Sight loss and acceptance: time heals all wounds if you let it
My eyes and I are coming up to our second anniversary. On April 1st, it will be two years since I registered blind. And since I am planning to participate fully in the joys of April Fool's Day - I do live with two boys, after all - I am suddenly aware of just how far I’ve come. My sense of humour was definitely on sabbatical this time last year, so the fact that I am feeling mischievous again has given rise to a very warm and fuzzy feeling all over.
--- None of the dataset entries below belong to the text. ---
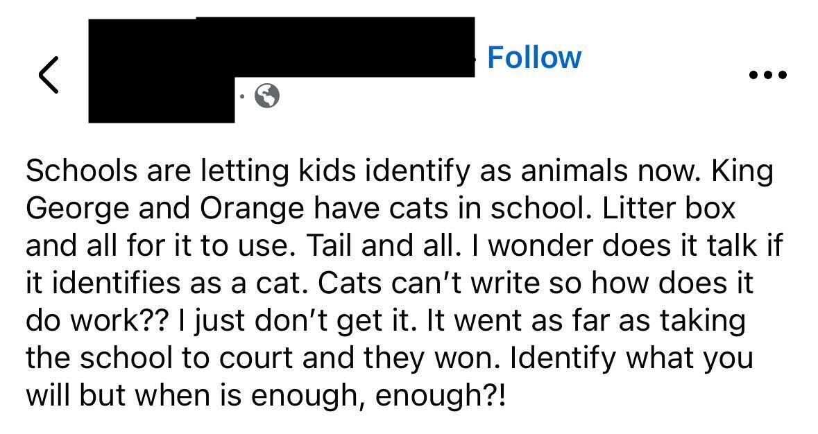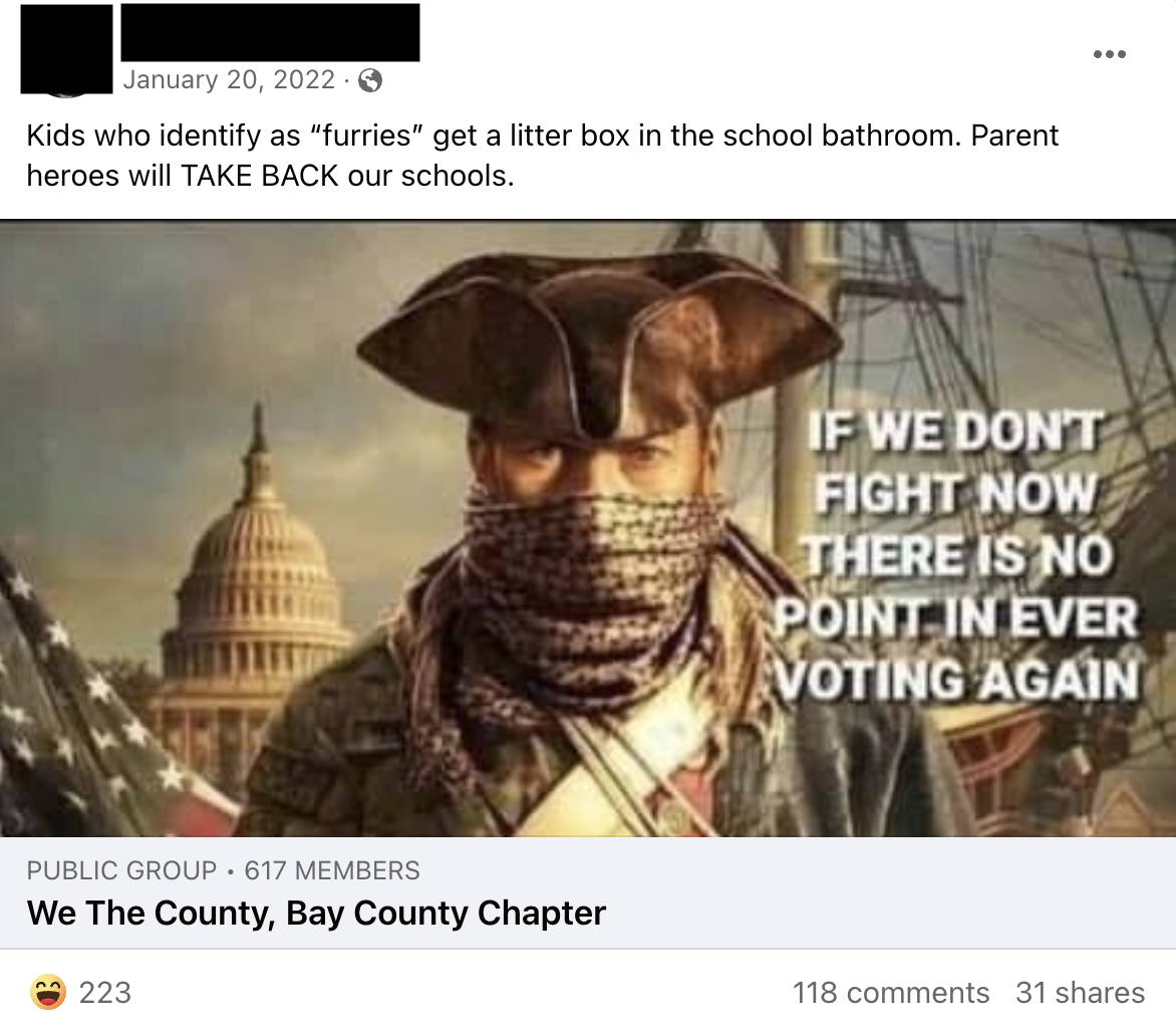 A few weeks after Hansen made her statement at the board meeting, another person shared a video of Hansen’s speech on Facebook with the caption: “Kids who identify as ‘furries’ get a litter box in the school bathroom. Parent heroes will TAKE BACK our schools.”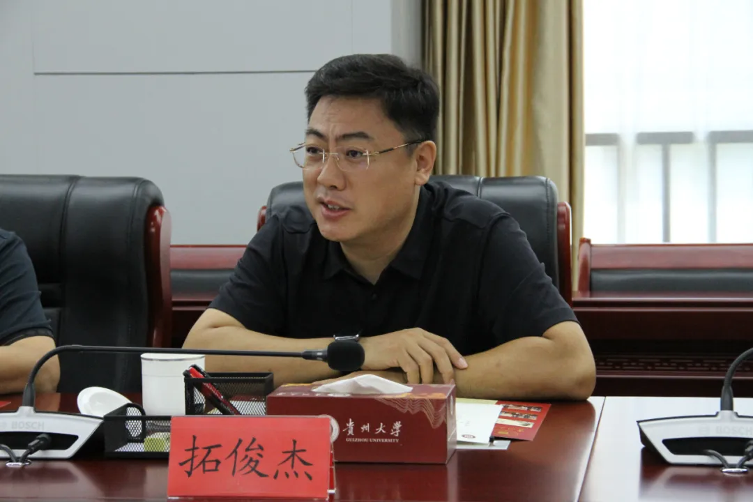 拓俊杰简要介绍了学校围绕地方经济社会发展,在基础教育、科技支撑等方面取得的成效,重点介绍了学校在大数据、算力等领域开展的研究工作和服务地方经济社会发展情况,同时,希望贵州大学在平台建设上给予指导和帮助。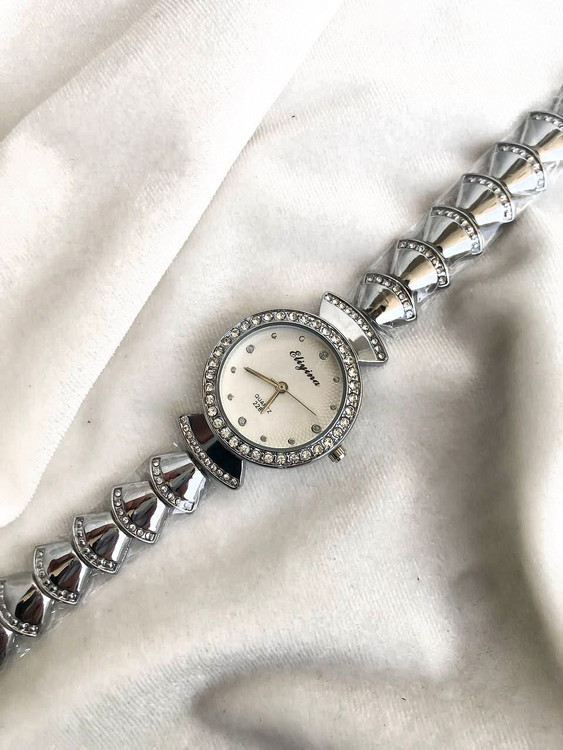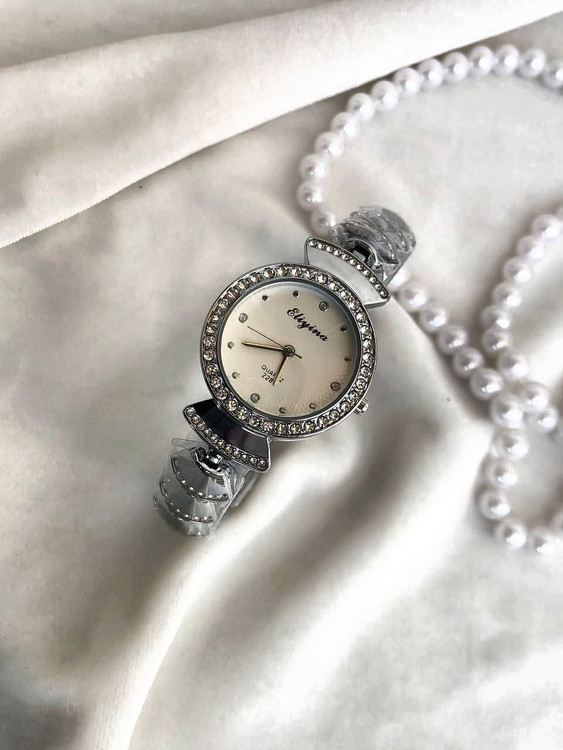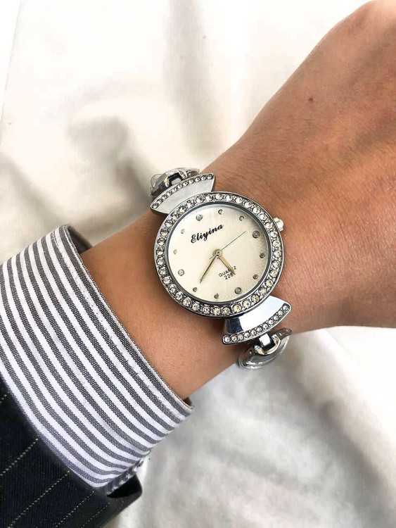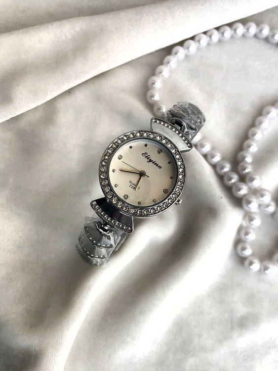 👚نام : ساعت زنانه یا دخترانه بند استیل نقره ای صفحه گرد دور قاب نگین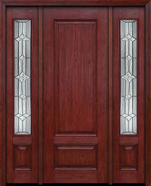 WDMA 54x96 Door (4ft6in by 8ft) Exterior Cherry 96in Two Panel Single Entry Door Sidelights Jacinto Glass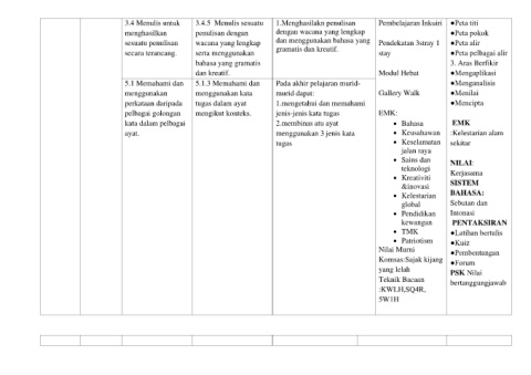 3.4 Menulis untuk 3.4.5 Menulis sesuatu 1.Menghasilakn penulisan Pembelajaran Inkuiri ●Peta titi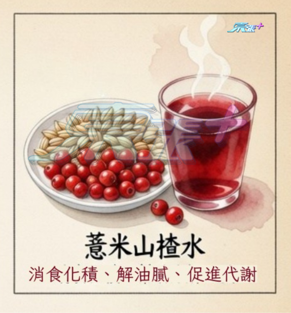 - 功效重點:消食化積、幫助分解油膩、促進脂肪代謝,適合大餐後或經常外食油膩人士作「刮油茶」。山楂有助消肉積、活血化瘀,與薏米同用可兼具祛濕及調脂作用。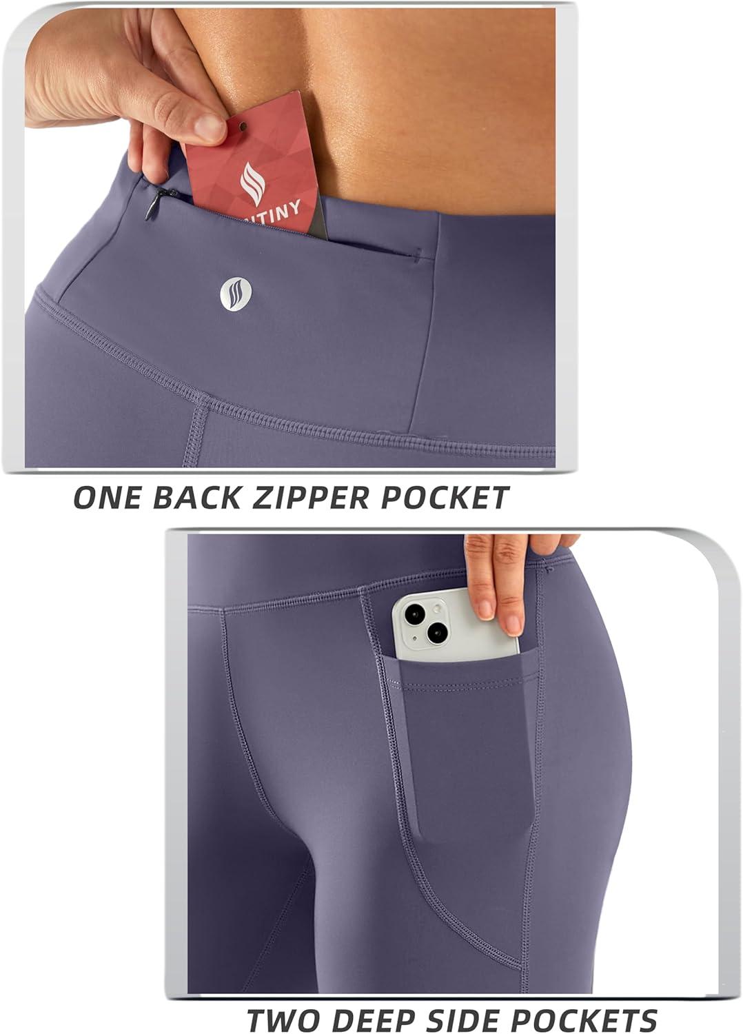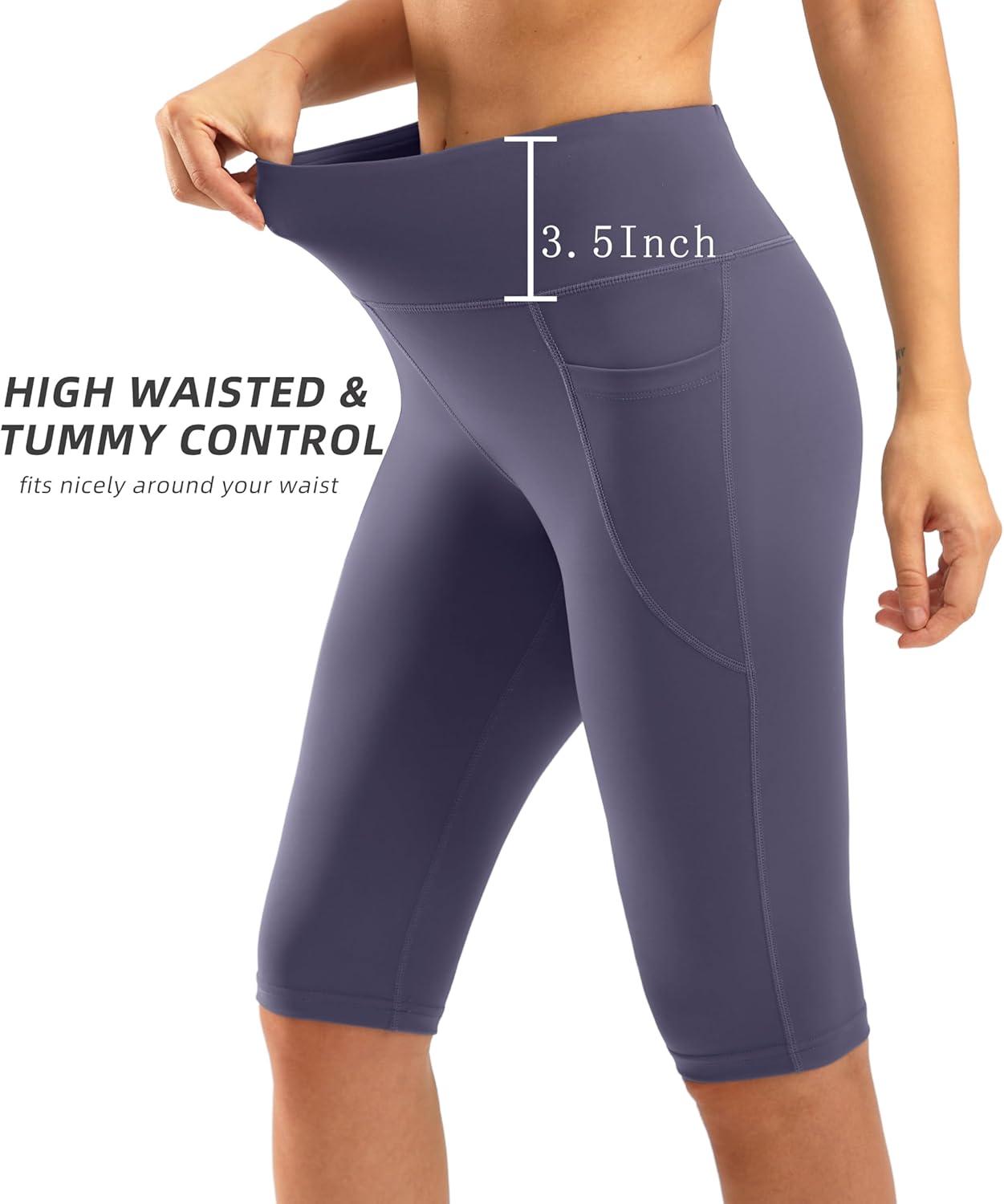 SANTINY Women’s Knee Length Capri Leggings with Pockets High Waisted Workout Exercise Yoga Capris Pants for Women(Dusty Purple)
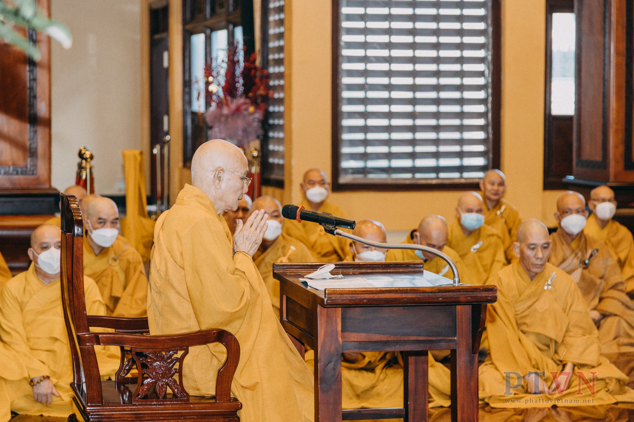 Hòa thượng Thích Minh Thông – Phó ban Trị sự kiêm Trưởng ban Giáo dục Phật giáo GHPGVN TP.HCM đã trùng tuyên giới luật Phật chế định giữa đại chúng, ôn lại những điều Phật dạy nhằm trưởng dưỡng đạo tâm, thanh tịnh Tăng đoàn, trang nghiêm Giáo hội.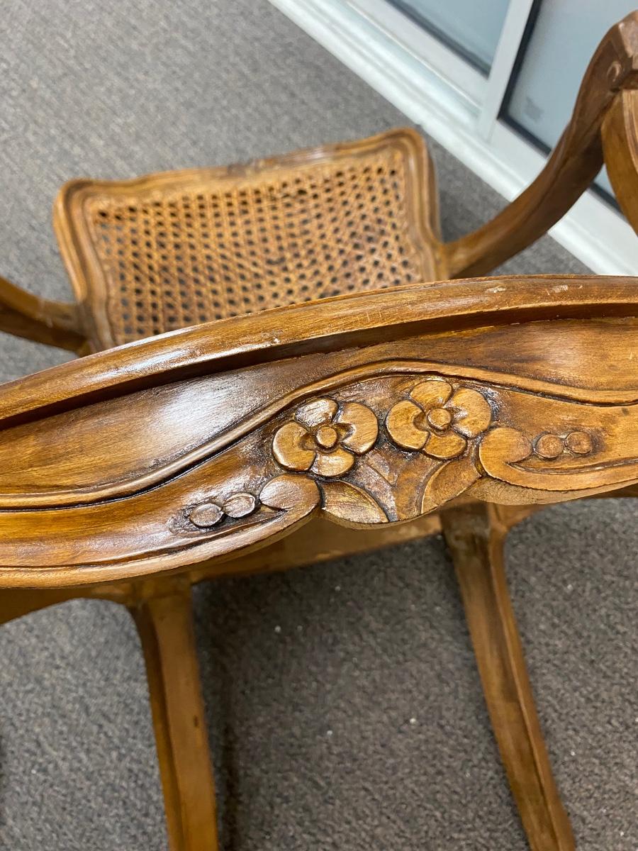 Vintage Retro Cane Back & Seat Armchair Captains Side Chair with Cushion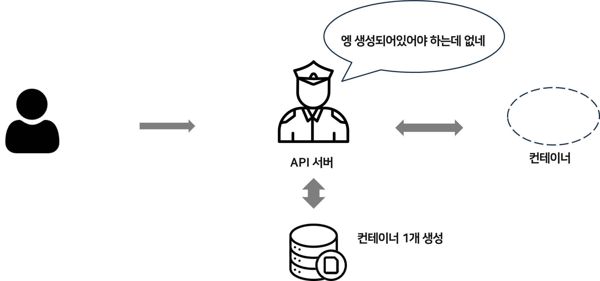 - 이때 API 서버는 컨테이너의 상태를 지속적으로 etcd와 비교 하며 이상이 없는지 확인한다.
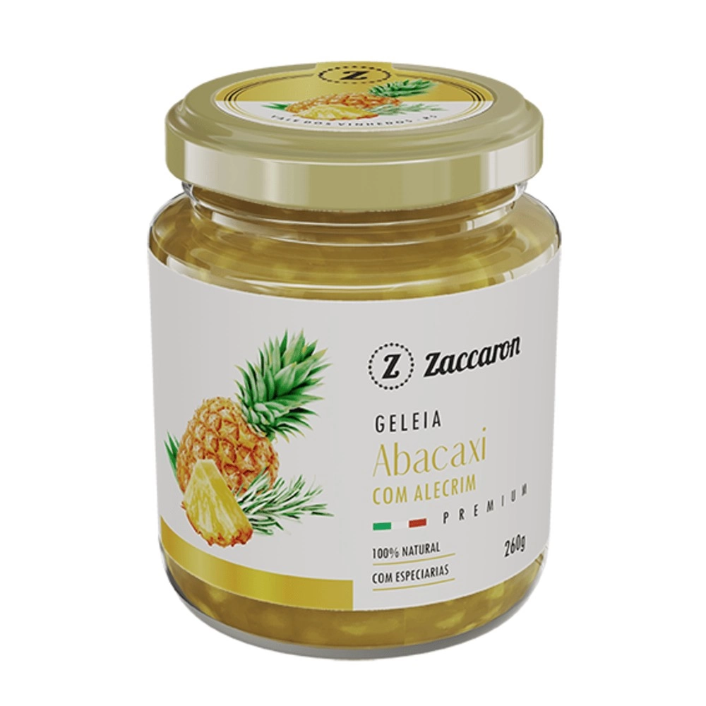 A Geleia de Abacaxi e Alecrim Zaccaron 260g combina a doçura tropical do abacaxi com o aroma marcante do alecrim feita com frutas selecionadas e temperos naturais, resulta em textura cremosa e sabor equilibrado. Versátil, é perfeita para acompanhar pães, torradas, queijos, carnes grelhadas ou como toque especial em sobremesas trazendo sofisticação e criatividade às refeições. Produzida com ingredientes de alta qualidade e preparo artesanal, preserva frescor, aroma e sabor autêntico da fruta. A embalagem de 260 g é prática e elegante ideal para uso diário ou para compor mesas e momentos especiais.

If you would have told me that time heals all wounds two years ago, I am sure that I would have either cried, bitten your head off or looked at you in wonderment as if you were speaking Dalek, but now, I know it's true, but there is a proviso and that is that you have to let it, or if you are me, you have to push it along at a rapid pace and get it over with. Either way, you can’t pick at said wound and you just have to leave it. You can, of course, watch it heal if you want to, but it won’t make it happen any faster. Each individual has their own special relationalship with time in these situations and it’s circumstantial.
I have always asserted that I am fortunate, and my good fortune continues to prevail. Although I can certainly declare that these past two years have been tumultuous, they have also been incredibly rewarding, as my life has taken an unanticipated direction and I have found a way to help make this crazy world we live in a better place and a gift like that makes me a very lucky girl indeed.
And with that gift in hand, I actually realise that I feel more able now than I ever did before I got on this rollercoaster ride of alleged disability. Sure, I will never get my eyesight back, but at this point, it matters not. I have gone through the grieving process and haven't just stopped at Acceptance. My loss has been replaced by so many other things that make me so much happier. If given the choice, I wouldn’t change a single thing.
So roll on April Fool's Day. I am ready and waiting.